━━━ MATERIALS PROVIDED ━━━

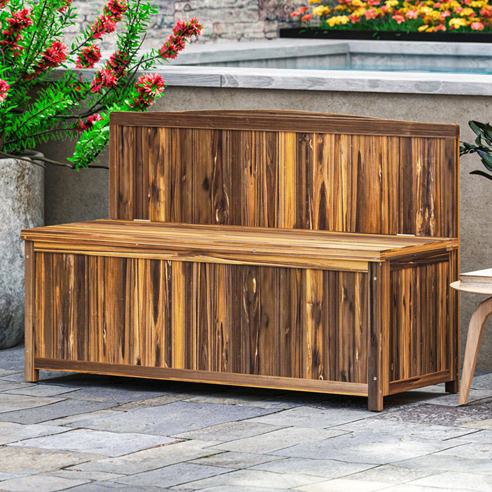 Enhance your garden with this Outsunny storage bench, the perfect blend of seating and practical storage. Crafted from fir wood with a protective varnish for lasting outdoor use, this bench offers comfortable seating for two, with a robust 250kg weight capacity. Its ergonomic design ensures relaxed comfort, while the integrated storage keeps your garden essentials neatly tucked away. A must-have addition for any garden.
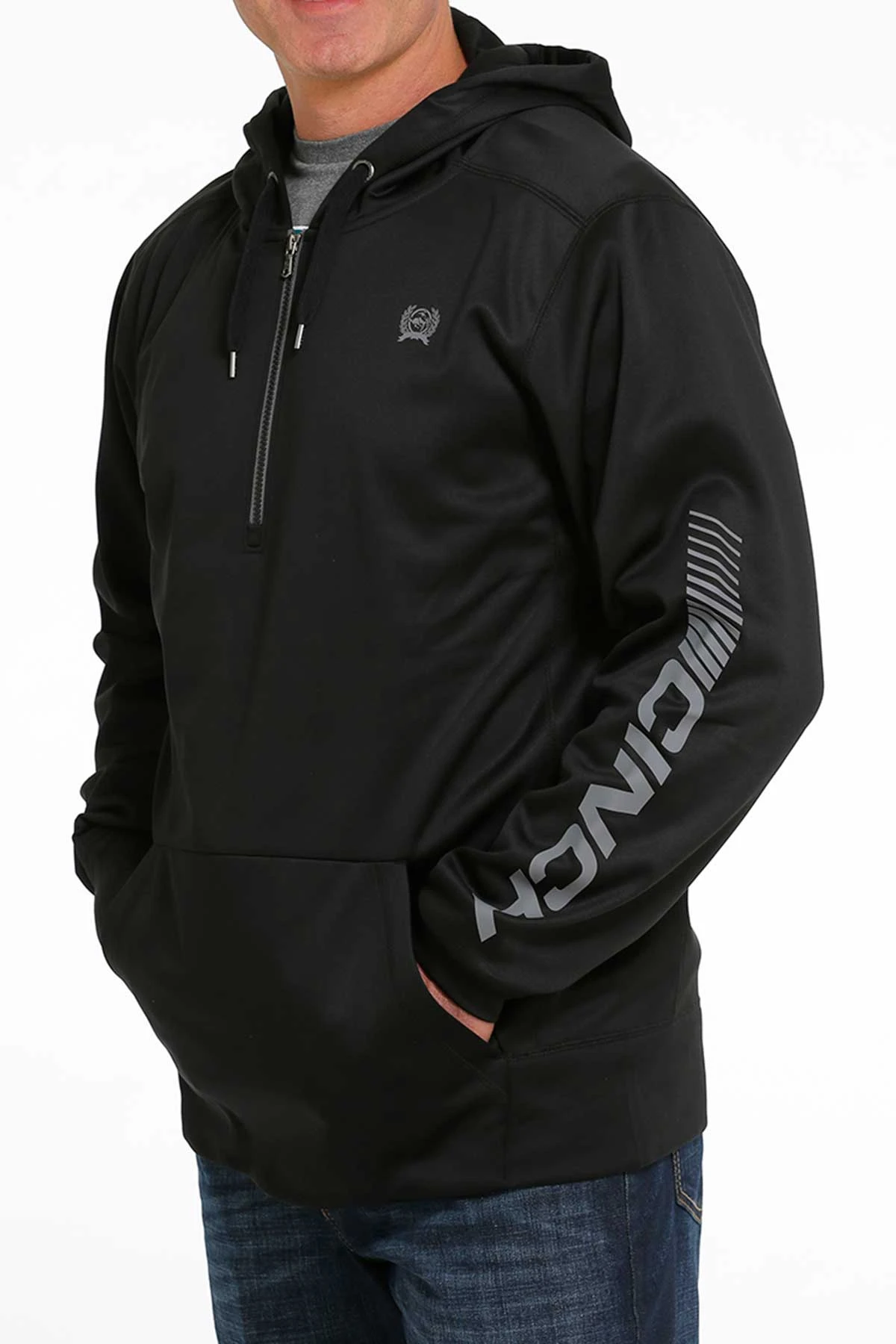 Cinch Men’s Black 1/4 Zip Stripe Logo Hoodie
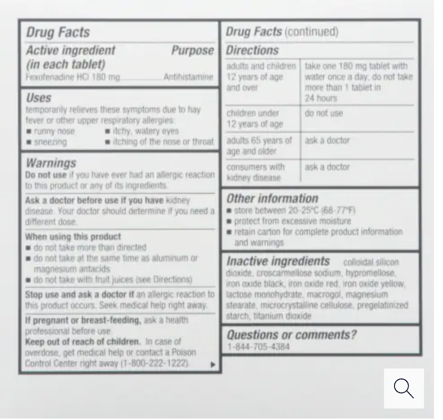 Harris Teeter™ Fexofenadine HCI 180mg Allery Relief Tablets - Expires 11/2027 aka generic alexa
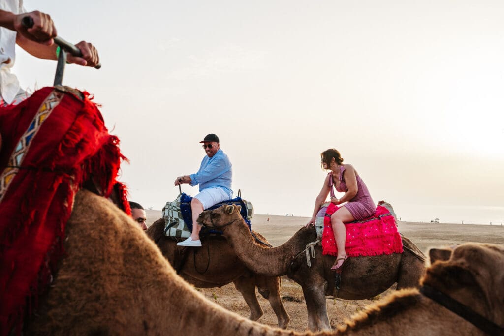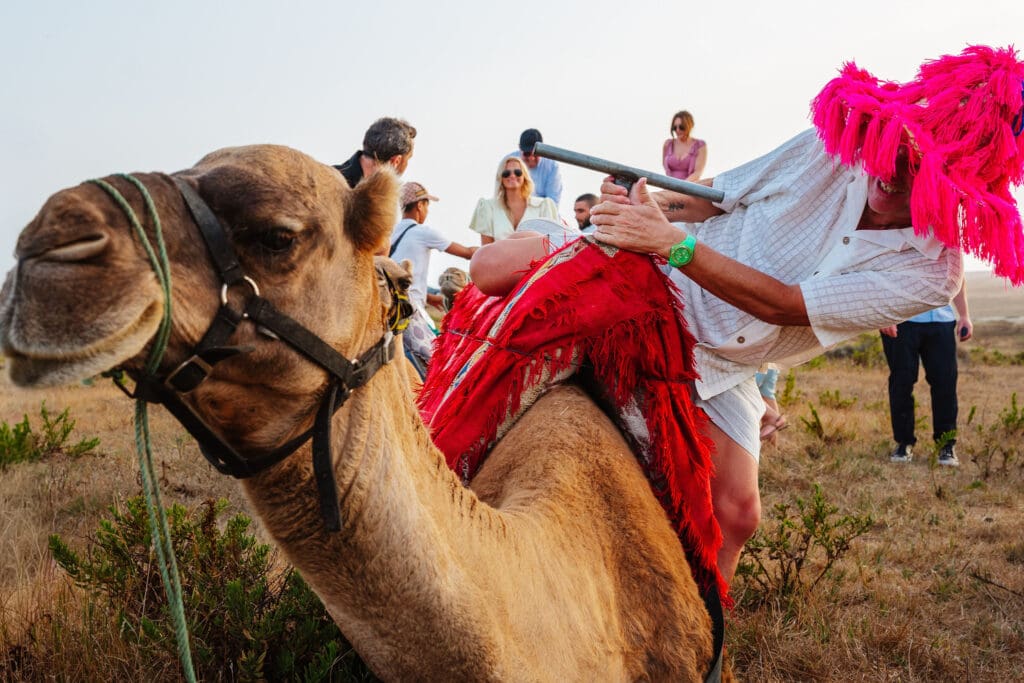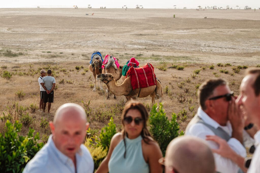 From there, it was straight into dinner, and the party got started with dancing and speeches between courses. The outdoor space meant guests could spread out and enjoy the evening breeze on the terrace and lawn, kicking back with games and then some eventful camel rides on the beach.
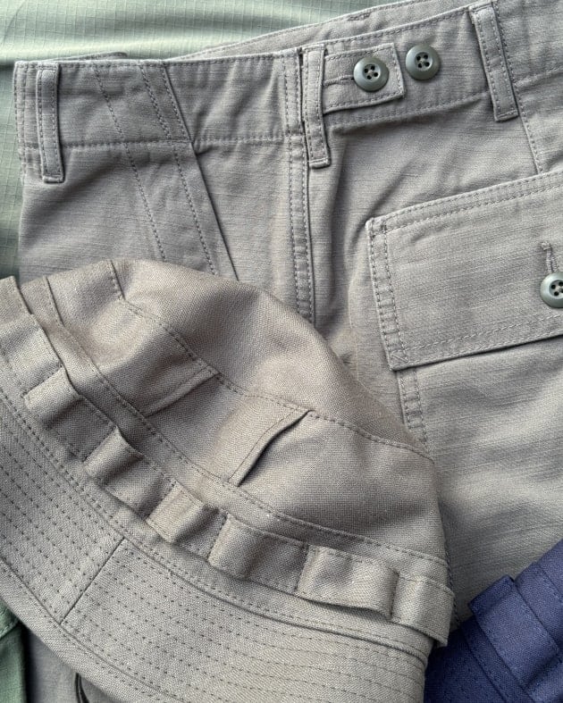 こちらのパンツは生地に洗い加工が施されていますが、ハットに関しては未洗いでございます。
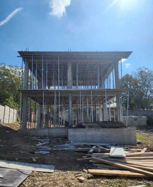 For sale, in a black framework condition, 230 sqm of construction area. Land area is 661 sqm in Saguramo. All communications are in place: water, gas, electricity.. This year, the framework work was completed.. The land is located in Saguramo, on the left side before reaching the locomotive base. External block layout work is ongoing. Cadastral code 72.06.12.013.050 72.06.12.013.980
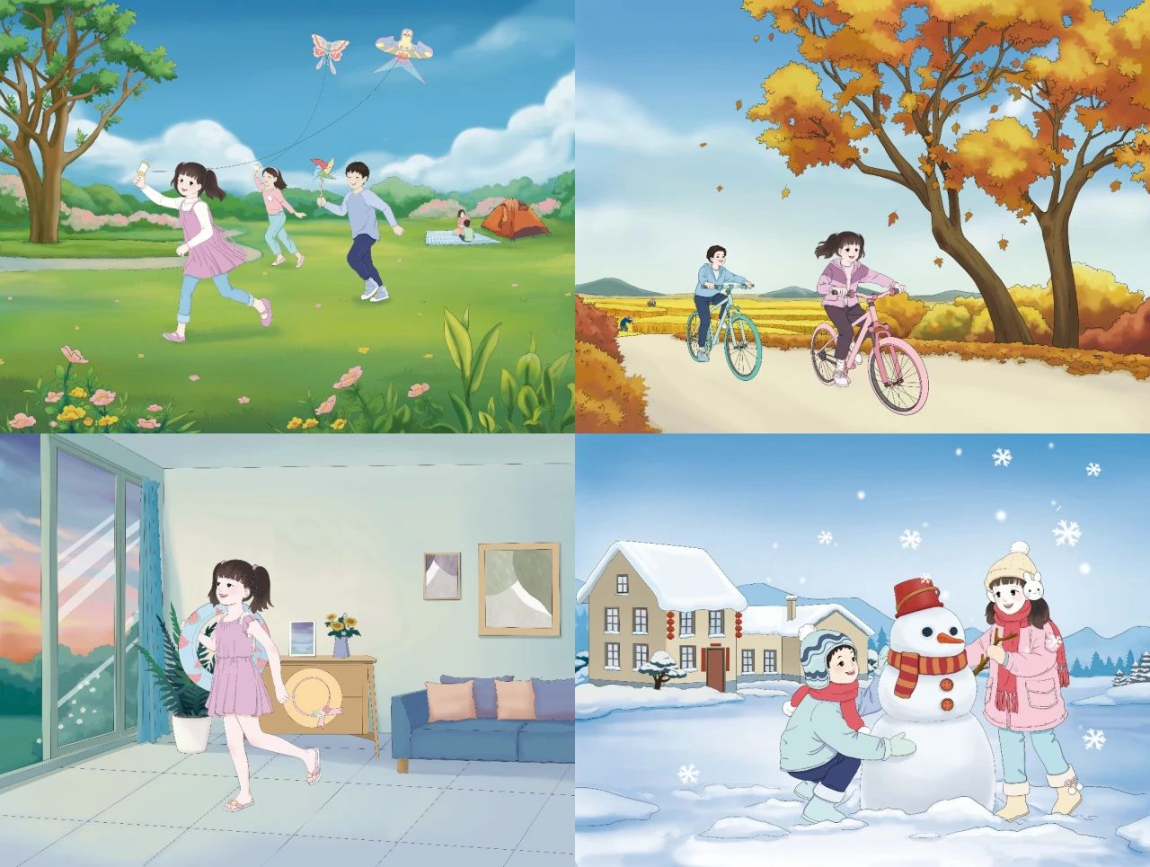 2024年重大版小学英语教材插图创作,将艺术之美融入教材之中,努力展现新时代中国少年阳光快乐、健康向上的精神面貌;遵循儿童认知与身心发展规律,贴近现代生活;人物形象契合课文、活泼生动,风格清新雅致、美观大方,色彩丰富和谐、层次鲜明。
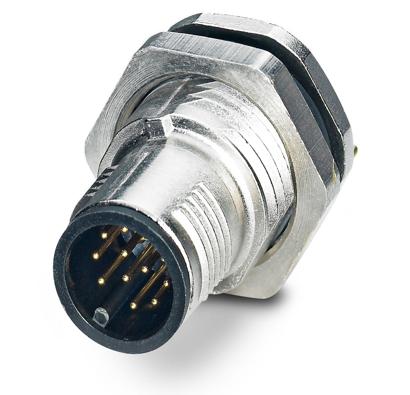 This is manufactured by Phoenix Contact. The manufacturer part number is 1441820. The product contains 12 contacts. It is assigned with possible HTSUS value of 8536.69.4020. The product is rohs compliant. The product's mounting feature includes bulkhead - front side nut. The product has -25°c ~ 85°c operating temperature range. The product carries possible position value of 12. It has nice contact finishing of gold. Moreover, the product has a nominal 30v voltage rating. Additionally, the product's output is 1.5a The basic product material is metal. It carries ul94 v-0 of material flammability rating. It is shipped in bulk. The insert's size is m12-12. plug, male pins Connector type offer robust functionality. Its typical moisture sensitivity level is 1 (unlimited). Furthermore, push-twist is the Fastening Type of the product. It is made from highly reliable zinc die cast materials. The product features solder termination style. It has a long 16 weeks standard lead time. While it is also supplied with highly stable polyamide (pa66), nylon 6/6 insert material. The product has a a orientation. It is IP rated with ip67 - dust tight, waterproof. The product is available in panel mount, through hole configuration. The shell is an excellent finishing of nickel. It has a classic silver colour. The product dsi, is a highly preferred choice for users. The product is made from sturdy copper zinc materials. The product is designated with the ear99 code number
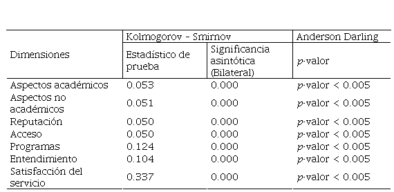 La comprobación del supuesto de la normalidad de la distribución de los datos de las variables (a) calidad percibida del servicio educativo y sus subvariables (dimensiones del modelo HEdPERF) y (b) satisfacción del estudiante, se realizó a través de las pruebas de normalidad Kolmogorov Smirnov (SPSS versión 25) y Anderson Darling (Minitab versión 17). Se concluyó que presentan distribuciones no normales, puesto que poseen un .‑valor menor a 0.05 (valor de α), con un intervalo de confianza del 95% y, por consiguiente, se procedieron a contrastar las hipótesis de investigación mediante pruebas estadísticas no paramétricas (ver Tabla 6).
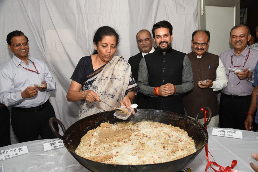 वित्तमंत्री ने अधिकारियों और कर्मचारियों को हलवा परोसा

━━━

EXERCISE BRIEF - All pictures are to be skipped. Output, word for word, the lines in the data above starting at the line containing "From there, it" and ending at the line containing "こちらのパンツは生地に洗い加".

SOLUTION BELOW -
 From there, it was straight into dinner, and the party got started with dancing and speeches between courses. The outdoor space meant guests could spread out and enjoy the evening breeze on the terrace and lawn, kicking back with games and then some eventful camel rides on the beach.
 こちらのパンツは生地に洗い加工が施されていますが、ハットに関しては未洗いでございます。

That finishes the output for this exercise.